**What you should do:** Lines from the top of the entries down to the line with "The composition feels" must be set down exactly as they stand, with both ends retained.

== Material to process

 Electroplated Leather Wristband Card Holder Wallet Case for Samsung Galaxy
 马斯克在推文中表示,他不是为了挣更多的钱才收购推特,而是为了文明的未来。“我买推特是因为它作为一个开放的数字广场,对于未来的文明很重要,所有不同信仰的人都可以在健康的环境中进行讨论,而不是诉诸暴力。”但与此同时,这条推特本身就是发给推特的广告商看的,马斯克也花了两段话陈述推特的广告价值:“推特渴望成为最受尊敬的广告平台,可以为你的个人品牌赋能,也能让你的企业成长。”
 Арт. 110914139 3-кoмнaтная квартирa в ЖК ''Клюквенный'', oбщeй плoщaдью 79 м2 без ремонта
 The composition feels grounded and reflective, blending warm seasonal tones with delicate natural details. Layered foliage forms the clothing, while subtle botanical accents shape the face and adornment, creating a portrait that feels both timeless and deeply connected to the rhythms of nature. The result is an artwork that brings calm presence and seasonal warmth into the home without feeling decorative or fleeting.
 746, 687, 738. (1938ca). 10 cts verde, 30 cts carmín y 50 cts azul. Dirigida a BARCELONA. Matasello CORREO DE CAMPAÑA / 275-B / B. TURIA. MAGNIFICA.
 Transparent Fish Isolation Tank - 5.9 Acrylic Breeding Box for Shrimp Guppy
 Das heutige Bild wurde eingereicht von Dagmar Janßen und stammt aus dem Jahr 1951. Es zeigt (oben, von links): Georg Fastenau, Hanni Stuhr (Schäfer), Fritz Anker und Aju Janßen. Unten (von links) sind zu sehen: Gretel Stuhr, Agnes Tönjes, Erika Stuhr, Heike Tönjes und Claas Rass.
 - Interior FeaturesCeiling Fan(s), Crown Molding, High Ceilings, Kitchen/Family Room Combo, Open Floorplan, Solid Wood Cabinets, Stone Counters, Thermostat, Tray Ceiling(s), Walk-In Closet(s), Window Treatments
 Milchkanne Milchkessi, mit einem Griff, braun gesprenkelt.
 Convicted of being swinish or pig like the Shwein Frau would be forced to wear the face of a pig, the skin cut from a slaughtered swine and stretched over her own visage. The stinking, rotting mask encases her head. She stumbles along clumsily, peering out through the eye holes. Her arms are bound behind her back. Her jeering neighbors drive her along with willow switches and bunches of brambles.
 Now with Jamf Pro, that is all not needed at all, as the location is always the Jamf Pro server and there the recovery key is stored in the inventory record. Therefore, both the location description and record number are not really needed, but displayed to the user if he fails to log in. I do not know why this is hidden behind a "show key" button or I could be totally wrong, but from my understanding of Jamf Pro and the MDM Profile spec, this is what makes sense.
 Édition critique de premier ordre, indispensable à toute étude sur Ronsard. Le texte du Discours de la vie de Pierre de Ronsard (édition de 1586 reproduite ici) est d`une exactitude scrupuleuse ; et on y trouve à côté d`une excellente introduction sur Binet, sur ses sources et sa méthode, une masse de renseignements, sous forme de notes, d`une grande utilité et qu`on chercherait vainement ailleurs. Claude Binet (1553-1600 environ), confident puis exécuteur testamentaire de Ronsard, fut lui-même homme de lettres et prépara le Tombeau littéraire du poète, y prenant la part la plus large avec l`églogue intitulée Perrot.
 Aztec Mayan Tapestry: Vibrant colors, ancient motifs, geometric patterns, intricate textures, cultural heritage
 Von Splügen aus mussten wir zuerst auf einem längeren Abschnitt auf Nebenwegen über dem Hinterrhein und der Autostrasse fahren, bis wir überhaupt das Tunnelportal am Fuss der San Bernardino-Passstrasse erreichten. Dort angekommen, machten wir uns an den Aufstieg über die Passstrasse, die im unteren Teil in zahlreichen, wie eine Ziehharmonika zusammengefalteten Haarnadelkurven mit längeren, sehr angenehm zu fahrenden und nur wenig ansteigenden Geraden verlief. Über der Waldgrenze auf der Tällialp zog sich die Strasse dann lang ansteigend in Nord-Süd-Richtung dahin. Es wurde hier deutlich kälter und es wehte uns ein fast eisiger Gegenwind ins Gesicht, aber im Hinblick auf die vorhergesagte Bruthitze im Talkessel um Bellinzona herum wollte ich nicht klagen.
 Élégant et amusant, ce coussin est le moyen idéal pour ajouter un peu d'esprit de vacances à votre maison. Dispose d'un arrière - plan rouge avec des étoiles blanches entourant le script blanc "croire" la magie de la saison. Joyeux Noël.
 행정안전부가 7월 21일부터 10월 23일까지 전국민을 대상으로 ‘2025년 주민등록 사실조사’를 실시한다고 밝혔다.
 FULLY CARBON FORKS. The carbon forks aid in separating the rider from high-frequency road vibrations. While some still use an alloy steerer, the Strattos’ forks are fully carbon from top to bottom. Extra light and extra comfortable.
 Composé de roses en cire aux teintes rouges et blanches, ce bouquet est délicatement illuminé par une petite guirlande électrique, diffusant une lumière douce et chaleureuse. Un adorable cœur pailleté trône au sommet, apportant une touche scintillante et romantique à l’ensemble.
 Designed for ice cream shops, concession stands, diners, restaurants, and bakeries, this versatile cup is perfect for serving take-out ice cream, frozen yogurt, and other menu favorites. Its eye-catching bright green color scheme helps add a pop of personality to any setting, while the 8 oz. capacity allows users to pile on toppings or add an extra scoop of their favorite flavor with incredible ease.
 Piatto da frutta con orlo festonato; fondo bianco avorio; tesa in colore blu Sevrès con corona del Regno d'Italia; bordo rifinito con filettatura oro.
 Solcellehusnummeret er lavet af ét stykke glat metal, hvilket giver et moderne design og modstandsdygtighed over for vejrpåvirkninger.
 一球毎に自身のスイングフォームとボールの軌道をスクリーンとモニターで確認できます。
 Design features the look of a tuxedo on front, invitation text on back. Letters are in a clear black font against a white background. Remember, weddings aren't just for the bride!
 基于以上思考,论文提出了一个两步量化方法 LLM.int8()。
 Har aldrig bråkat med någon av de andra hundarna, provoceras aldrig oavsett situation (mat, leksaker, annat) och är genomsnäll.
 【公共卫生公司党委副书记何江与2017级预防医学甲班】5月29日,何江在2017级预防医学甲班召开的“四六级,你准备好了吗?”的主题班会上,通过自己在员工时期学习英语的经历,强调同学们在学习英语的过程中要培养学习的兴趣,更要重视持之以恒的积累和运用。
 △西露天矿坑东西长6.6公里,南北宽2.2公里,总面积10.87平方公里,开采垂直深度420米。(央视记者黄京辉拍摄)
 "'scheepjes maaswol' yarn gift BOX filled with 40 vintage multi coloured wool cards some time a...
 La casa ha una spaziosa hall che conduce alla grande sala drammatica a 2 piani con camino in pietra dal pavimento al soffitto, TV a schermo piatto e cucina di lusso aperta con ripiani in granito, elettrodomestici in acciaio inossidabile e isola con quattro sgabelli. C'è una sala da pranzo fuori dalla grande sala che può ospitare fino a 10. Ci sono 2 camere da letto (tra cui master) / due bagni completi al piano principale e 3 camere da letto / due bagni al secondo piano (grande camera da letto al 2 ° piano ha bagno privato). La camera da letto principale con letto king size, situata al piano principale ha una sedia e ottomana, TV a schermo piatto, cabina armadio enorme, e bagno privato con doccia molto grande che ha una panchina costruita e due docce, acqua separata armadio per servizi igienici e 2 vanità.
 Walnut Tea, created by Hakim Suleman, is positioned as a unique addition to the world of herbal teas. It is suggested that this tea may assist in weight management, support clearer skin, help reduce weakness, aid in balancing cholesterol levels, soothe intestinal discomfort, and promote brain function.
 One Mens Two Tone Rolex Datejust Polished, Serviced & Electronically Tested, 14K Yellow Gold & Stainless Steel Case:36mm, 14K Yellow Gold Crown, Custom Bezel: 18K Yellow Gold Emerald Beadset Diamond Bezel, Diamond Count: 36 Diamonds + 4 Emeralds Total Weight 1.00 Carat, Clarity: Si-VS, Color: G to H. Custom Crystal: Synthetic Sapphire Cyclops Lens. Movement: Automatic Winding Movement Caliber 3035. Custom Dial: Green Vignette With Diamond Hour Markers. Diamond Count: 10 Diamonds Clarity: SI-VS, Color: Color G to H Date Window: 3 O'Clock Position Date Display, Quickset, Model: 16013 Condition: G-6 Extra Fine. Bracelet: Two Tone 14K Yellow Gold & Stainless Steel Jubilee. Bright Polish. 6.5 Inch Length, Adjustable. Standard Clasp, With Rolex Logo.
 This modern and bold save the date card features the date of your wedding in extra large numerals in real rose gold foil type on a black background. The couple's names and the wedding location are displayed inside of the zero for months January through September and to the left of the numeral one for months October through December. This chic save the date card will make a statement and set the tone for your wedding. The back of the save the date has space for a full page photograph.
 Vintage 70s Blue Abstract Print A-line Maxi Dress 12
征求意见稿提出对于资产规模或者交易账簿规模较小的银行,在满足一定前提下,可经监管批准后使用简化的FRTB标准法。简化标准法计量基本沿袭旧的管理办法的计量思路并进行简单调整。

====

**Task response:**
 Electroplated Leather Wristband Card Holder Wallet Case for Samsung Galaxy
 马斯克在推文中表示,他不是为了挣更多的钱才收购推特,而是为了文明的未来。“我买推特是因为它作为一个开放的数字广场,对于未来的文明很重要,所有不同信仰的人都可以在健康的环境中进行讨论,而不是诉诸暴力。”但与此同时,这条推特本身就是发给推特的广告商看的,马斯克也花了两段话陈述推特的广告价值:“推特渴望成为最受尊敬的广告平台,可以为你的个人品牌赋能,也能让你的企业成长。”
 Арт. 110914139 3-кoмнaтная квартирa в ЖК ''Клюквенный'', oбщeй плoщaдью 79 м2 без ремонта
 The composition feels grounded and reflective, blending warm seasonal tones with delicate natural details. Layered foliage forms the clothing, while subtle botanical accents shape the face and adornment, creating a portrait that feels both timeless and deeply connected to the rhythms of nature. The result is an artwork that brings calm presence and seasonal warmth into the home without feeling decorative or fleeting.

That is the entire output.